[WHAT IS EXPECTED] Omitting all pictures, print the lines of the listing from the one containing "Sublimez votre tenue" through the final line, both ends included, with no other text.

[PROVIDED DATA]
══════════

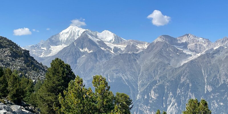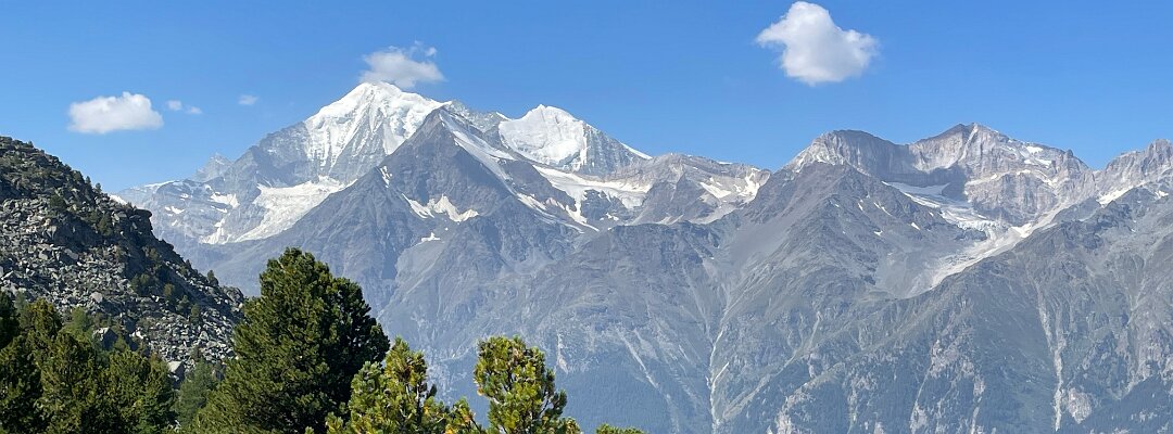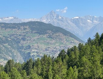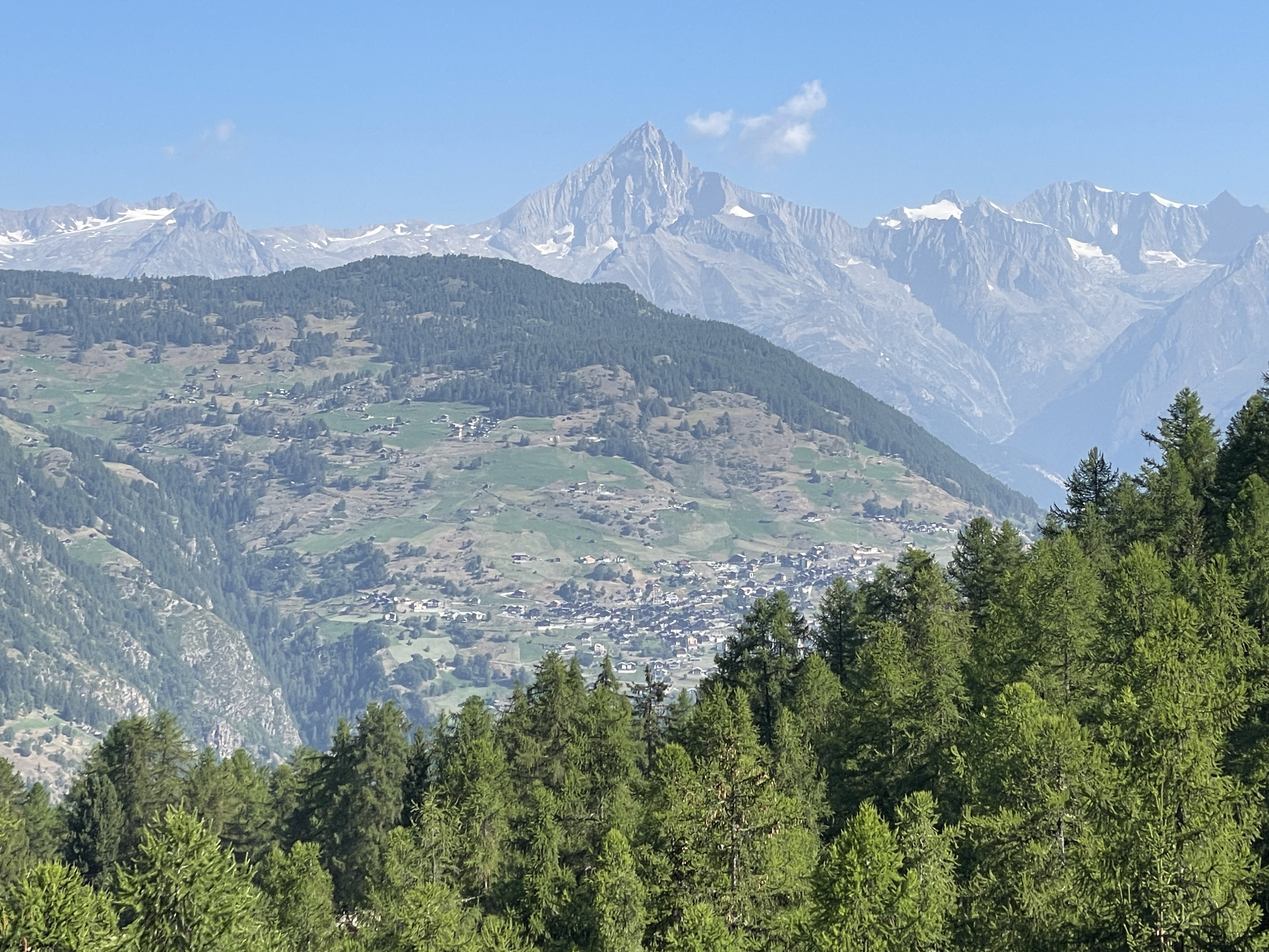 Weisshorn, Brunegghorn and Bishorn on the far side of Mattertal
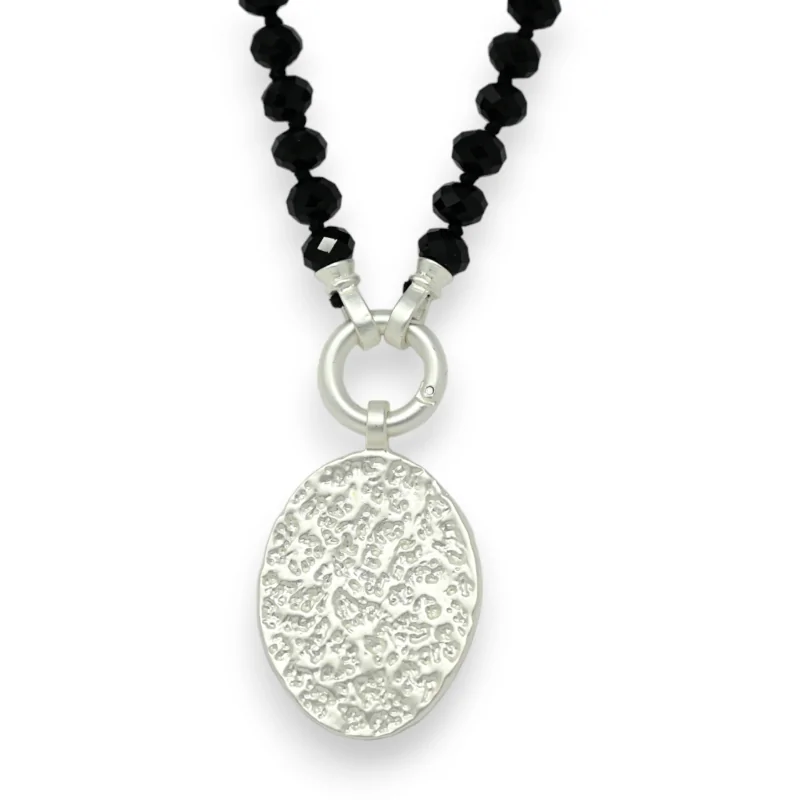 Sublimez votre tenue avec ce collier fantaisie, qui combine l'élégance intemporelle de perles noires brillantes avec un médaillon en argent brossé. Ce dernier, situé stratégiquement à l'avant, sert de fermoir et ajoute une touche moderne à l'ensemble. Facile à mettre et à enlever, ce système de fermeture novateur assure que le médaillon reste bien en place, tout en mettant en valeur votre décolleté. D'une longueur de 50 cm, ce collier épouse parfaitement la courbe de votre cou, créant un look à la fois sophistiqué et pratique pour toutes les occasions.
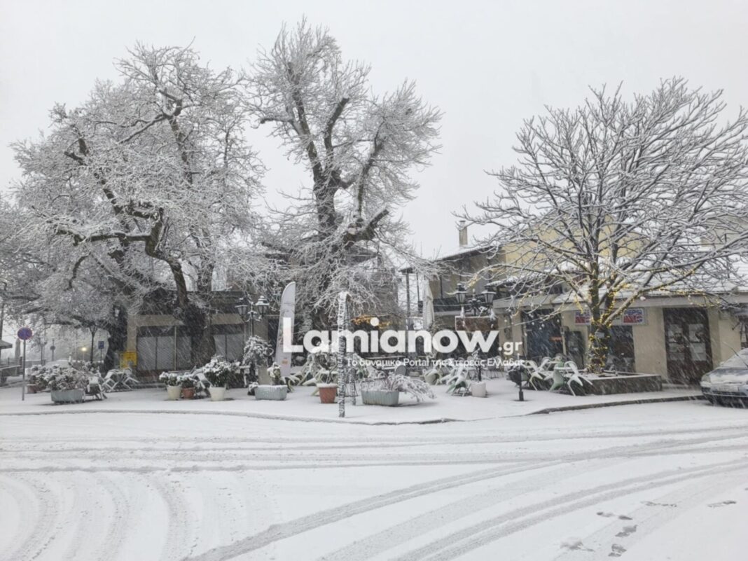 Σε πολλές περιοχές της Φθιώτιδας περίπου στις 8 το πρωί η βροχή γύρισε σε χιόνι, ντύνοντας στα λευκά πολλές περιοχές.

══════════

[ANSWER SECTION]
 Sublimez votre tenue avec ce collier fantaisie, qui combine l'élégance intemporelle de perles noires brillantes avec un médaillon en argent brossé. Ce dernier, situé stratégiquement à l'avant, sert de fermoir et ajoute une touche moderne à l'ensemble. Facile à mettre et à enlever, ce système de fermeture novateur assure que le médaillon reste bien en place, tout en mettant en valeur votre décolleté. D'une longueur de 50 cm, ce collier épouse parfaitement la courbe de votre cou, créant un look à la fois sophistiqué et pratique pour toutes les occasions.
 Σε πολλές περιοχές της Φθιώτιδας περίπου στις 8 το πρωί η βροχή γύρισε σε χιόνι, ντύνοντας στα λευκά πολλές περιοχές.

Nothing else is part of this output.